### Listed records
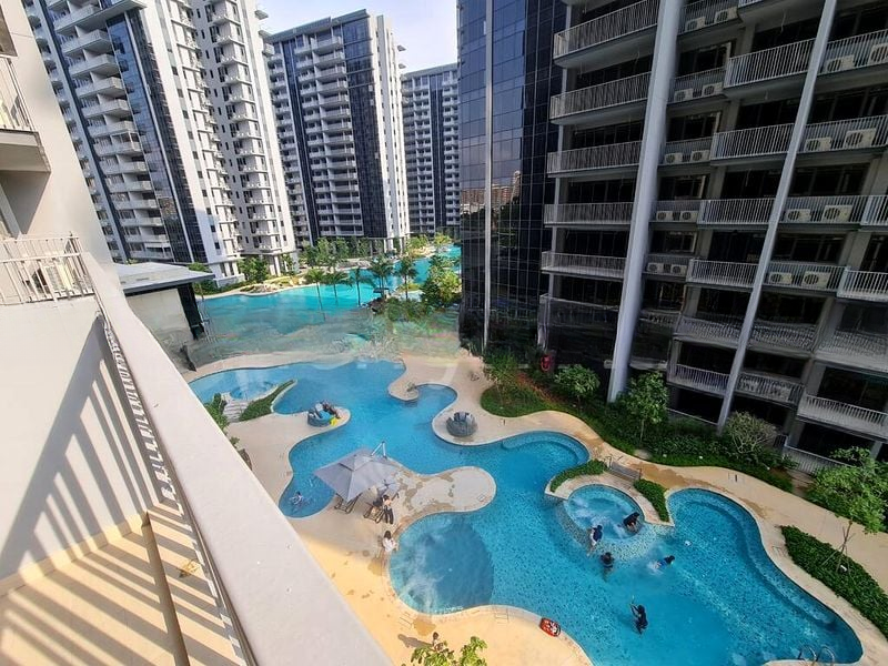 Step into a world of elegance as you enter this beautifully renovated unit at Riverfront Residences. The abundant natural light floods through the floor-to-ceiling windows, illuminating the modern minimalist design. With high ceilings and a loft mezzanine, the spacious living area offers a seamless flow to the balcony, where you can enjoy serene views of greenery and the cityscape.
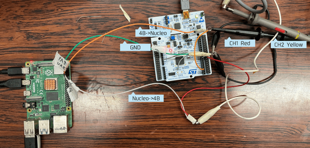 ラズベリーパイ4BとNucleoをジャンプワイヤで繋ぎ、その間にオシロスコープのプローブを繋いだ。
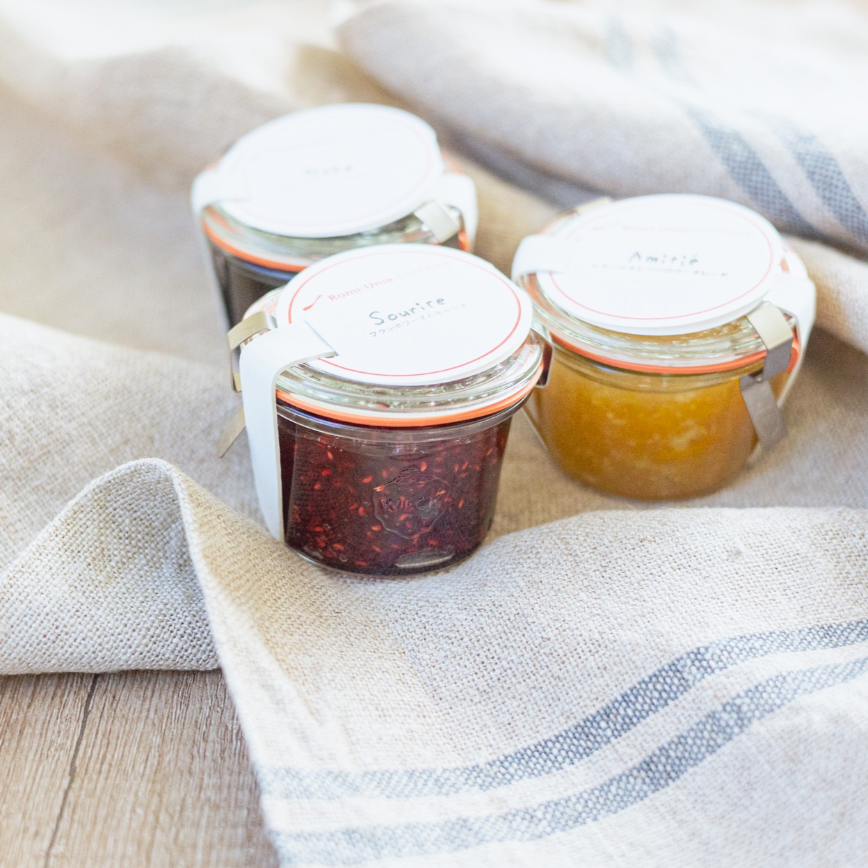 キャトル・セゾン・トキオ店舗限定で、ロミ・ユニコンフィチュールで人気の4種類のジャムを今回のイベント限定のWECK瓶に詰めて販売します。
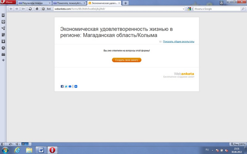 У меня с первого раза открылось. Это же студент, а не социолог, видимо, диплом уже готов и нужно просто вставить ответы на конкретные вопросы. Работа - не дипломная , а курсовая. Обычно в таких случаях используют уже готовые результаты чужих опросов , а здесь человек претендует на самостоятельность работы. Может , и выйдет что толковое. Правда , дальше деканата такие работы не идут, но чудеса иногда нет-нет , да и происходят. |
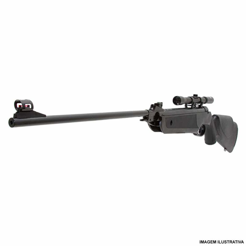 Com cano de metal de 480mm e acabamento oxidado, essa carabina possui coronha em polímero recartilhado com empunhadura ambidestra, encosto estilo Montecarlo e zarelhos para bandoleira. Conta ainda com porta chumbinho integrado.
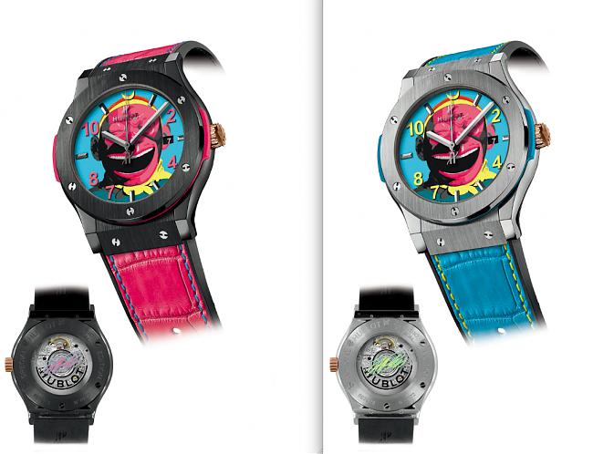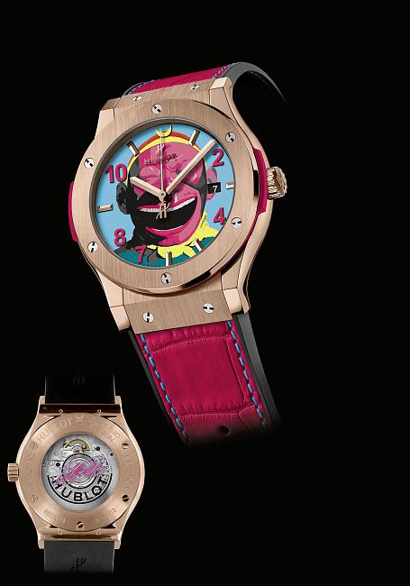 与中国艺术家岳敏君合作的HUBLOT首款生肖手表——经典融合系列大笑猴王手表,亮粉色面孔的孙悟空开怀大传达着勇往直前的乐观自信。12点鐘位置绘以紧箍咒的月牙立体造型,代表着孙悟空师徒西天取经得到正果;五个时标则以不规则的形式出现:4点鐘位置的时标则代表师徒四人,7点鐘位置和2点鐘位置的阿拉伯数字表示孙悟空七十二变,而10点鐘位置和8点鐘位置则象徵孙悟空师徒四人取经所走过的十万八千里路。
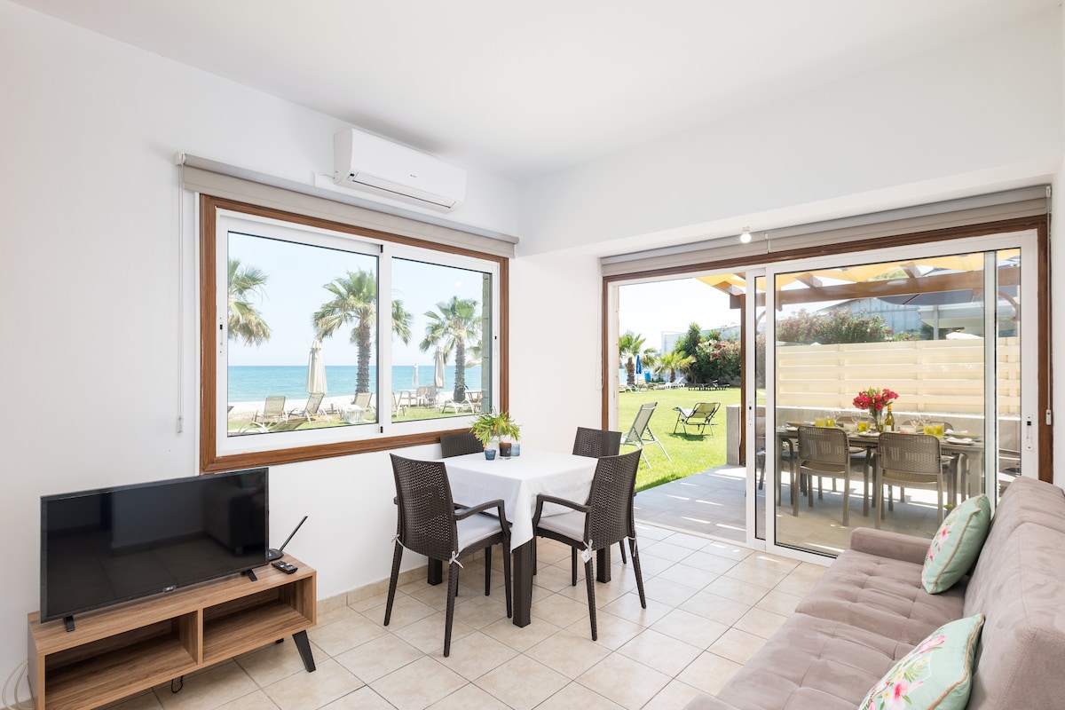 Fabuleux appartement d'une chambre, juste sur la plage, avec vue imprenable sur le bord de mer. C'est proche des installations de sports nautiques, de la plage touristique de Chypre, des hôtels et des restaurants. Une excellente façon de commencer votre journée en vous réveillant avec la vue imprenable sur les eaux bleues. De belles plages de sable fin. Vous les trouverez également très pratiques car elles se trouvent à environ 15min en voiture de l'aéroport, 20min d'Ayia Napa, 30min de Nicosie et à moins d'une heure de Limassol!
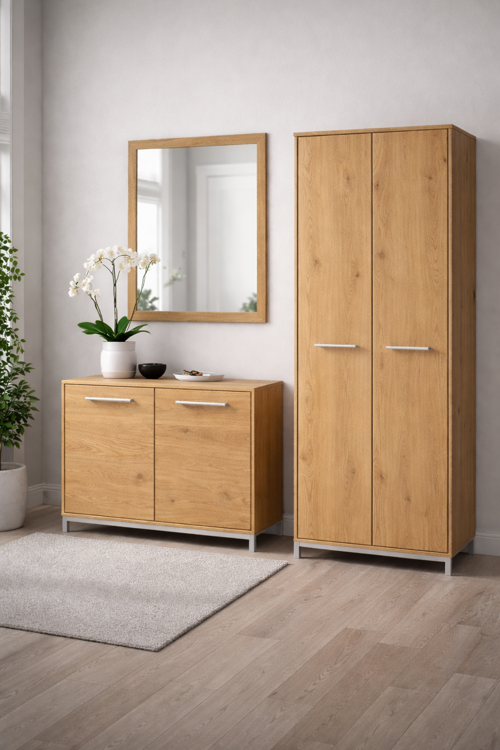 Lavice je řešena jako dvoudveřová skříňka s praktickým úložným prostorem. Za dvířky se nachází nastavitelná dřevěná police, která umožňuje přehledné uložení obuvi, doplňků nebo tašek. Pevná horní deska slouží zároveň jako pohodlné místo k sezení a lze ji volitelně doplnit podsedákem.
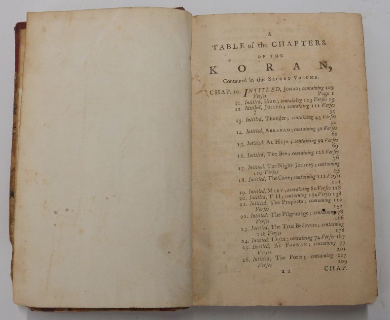 George Sale The Koran, commonly called The Alcoran of Mohammed, Translated into English immediately from the Original Arabic, with Explanatory Notes., printed for L. Hawes, W. Clarke and R. Collins 1764 in 2 volumes with engraved folding plans & tables, half red leather over marbled boards with hand written title labels
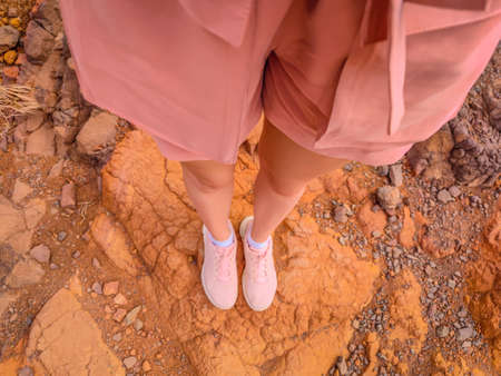Girl with pink dress and shoes standing on a pink ground like in red Mars planet. Madeira island red earth underfoot
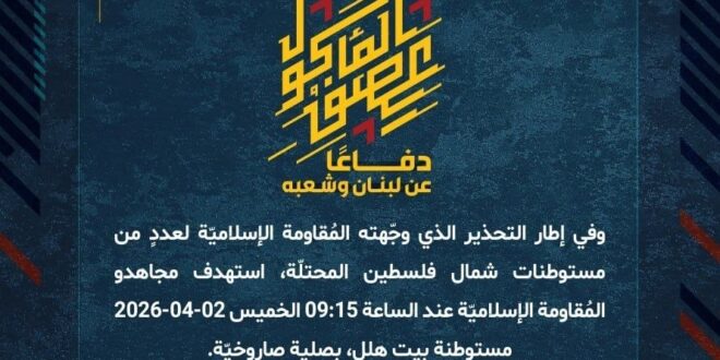 دفاعًا عن لبنان وشعبه، وفي إطار التحذير الذي وجّهته المُقاومة الإسلاميّة لعددٍ من مستوطنات شمال فلسطين المحتلّة، استهدف مجاهدو المُقاومة الإسلاميّة عند الساعة 09:15 الخميس 02-04-2026 مستوطنة بيت هلل، بصلية صاروخيّة.
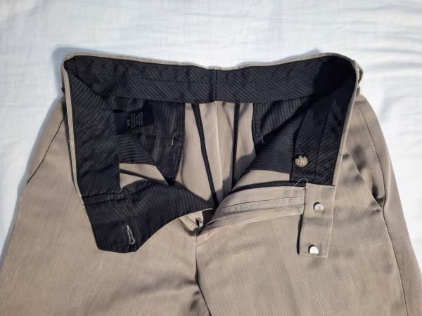 Axist brand men's dress pants. Black ones are missing 2nd clasp for waist flap. Khakis have what appears to be an iron burn. 100% polyester. Located near Packard Ave. and Holmes Ave. in Cudahy....

### Instructions for the task
Find the line containing "Girl with pink", then extract it and every line after it to the end of the data above, exactly and nothing else, without pictures.

### Result of the task
Girl with pink dress and shoes standing on a pink ground like in red Mars planet. Madeira island red earth underfoot
 دفاعًا عن لبنان وشعبه، وفي إطار التحذير الذي وجّهته المُقاومة الإسلاميّة لعددٍ من مستوطنات شمال فلسطين المحتلّة، استهدف مجاهدو المُقاومة الإسلاميّة عند الساعة 09:15 الخميس 02-04-2026 مستوطنة بيت هلل، بصلية صاروخيّة.
 Axist brand men's dress pants. Black ones are missing 2nd clasp for waist flap. Khakis have what appears to be an iron burn. 100% polyester. Located near Packard Ave. and Holmes Ave. in Cudahy....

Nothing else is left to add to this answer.